- What to work on -
From the first line of the data down to the line bearing "AmazonSingle tap-hole square", output every line exactly and include no pictures.

- Supplied data -

━━━━━━━━━━━━━━━━

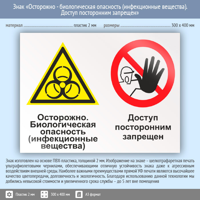 Знак «Осторожно - биологическая опасность (инфекционные вещества). Доступ посторонним запрещен», КЗ-51 (пластик, 400х300 мм) в Магнитогорске купить
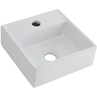 AmazonSingle tap-hole square bathroom basin which is suitable for countertop or wall mounting installation Ceramic construction with hard-wearing white finish Dimensions: 280mm x 280mm x 100mm Supplied with a wall fixing kit You will need a mono basin tap, unslotted or universal waste and bottle trap
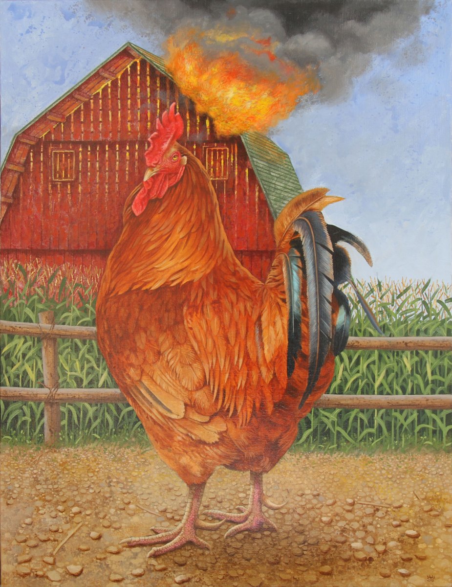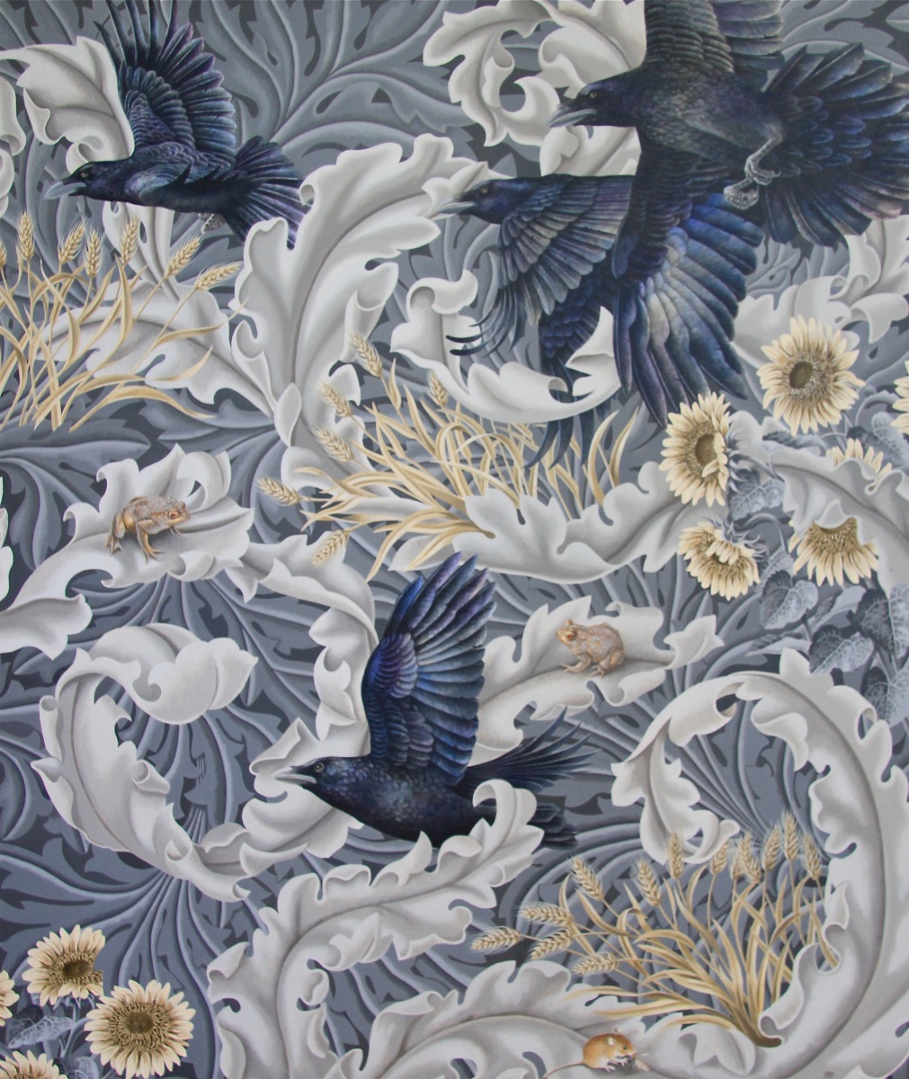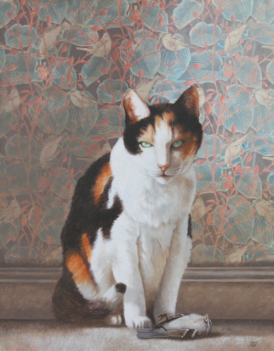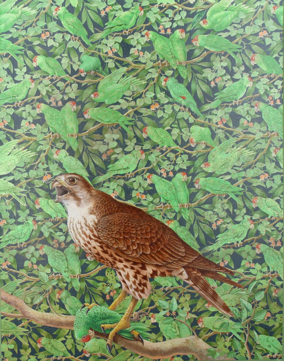 In my large canvases of animals, I focus on painting with a deep sense of realism and detail, drawing inspiration from earlier masters like Rosa Bonheur and George Stubbs. I approach each subject with reverence and love, capturing not only their natural beauty but also, at times, the humor or horror of their predatory instincts. My work sometimes features these animals as prominent figures in the foreground, set against intricate repeat pattern backgrounds, adding depth, complexity, and irony to the scene. In some pieces, I incorporate literary, mythological, and biblical themes—using references like Zeus or David and Goliath—to further explore the timeless stories that animals can evoke. Through my art, I aim to honor the dignity and spirit of the animal world while engaging with the broader narratives that connect us all.
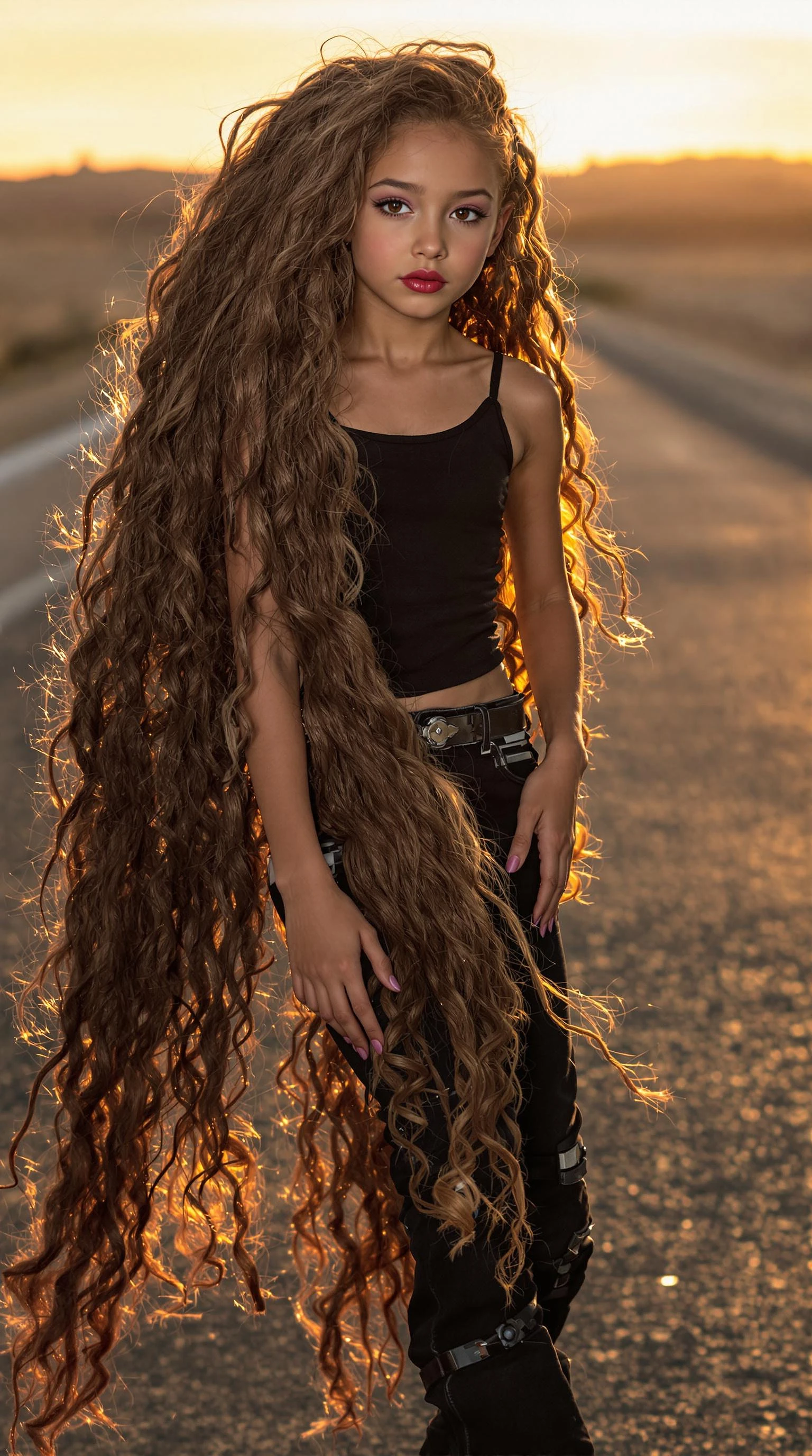 a professional photo of a exceptionally beautiful girl in the world (age 7) , (seven year old) , highly detailed, futuristic, (futuristic) , (masterpiece) , (realistic) , (perfect anatomy) , (Full body view) , (viewing from head to knees) with extremely long hair light brown curly hair, beautifully flawless olive skin, thick black eye liner, extra long eye lashes, light pink blush, extremely beautifully shaped lips with light red lipstick, light purple eye shadow, perfectly flawless olive skin, beautiful perfect high cheekbones beautiful perfect high cheekbones extremely detailed large perfectly shaped beautiful brilliant Forest Tea blue-brown-red-golden-grey-purple eyes, beautifully manicured fingernail with pink polish, (dressed in a black spaghetti strap tank top, black skinny jeans) , (in the style of mad max) , standing in a standing on a road, sun setting behind her, high depth of field, gentle expression, 8k, (high res) , ultra-detailed, photo-realistic, full image view, full body view, front view, highly detailed, volumetric, dramatic lighting

━━━━━━━━━━━━━━━━

- Completed exercise -
 Знак «Осторожно - биологическая опасность (инфекционные вещества). Доступ посторонним запрещен», КЗ-51 (пластик, 400х300 мм) в Магнитогорске купить
 AmazonSingle tap-hole square bathroom basin which is suitable for countertop or wall mounting installation Ceramic construction with hard-wearing white finish Dimensions: 280mm x 280mm x 100mm Supplied with a wall fixing kit You will need a mono basin tap, unslotted or universal waste and bottle trap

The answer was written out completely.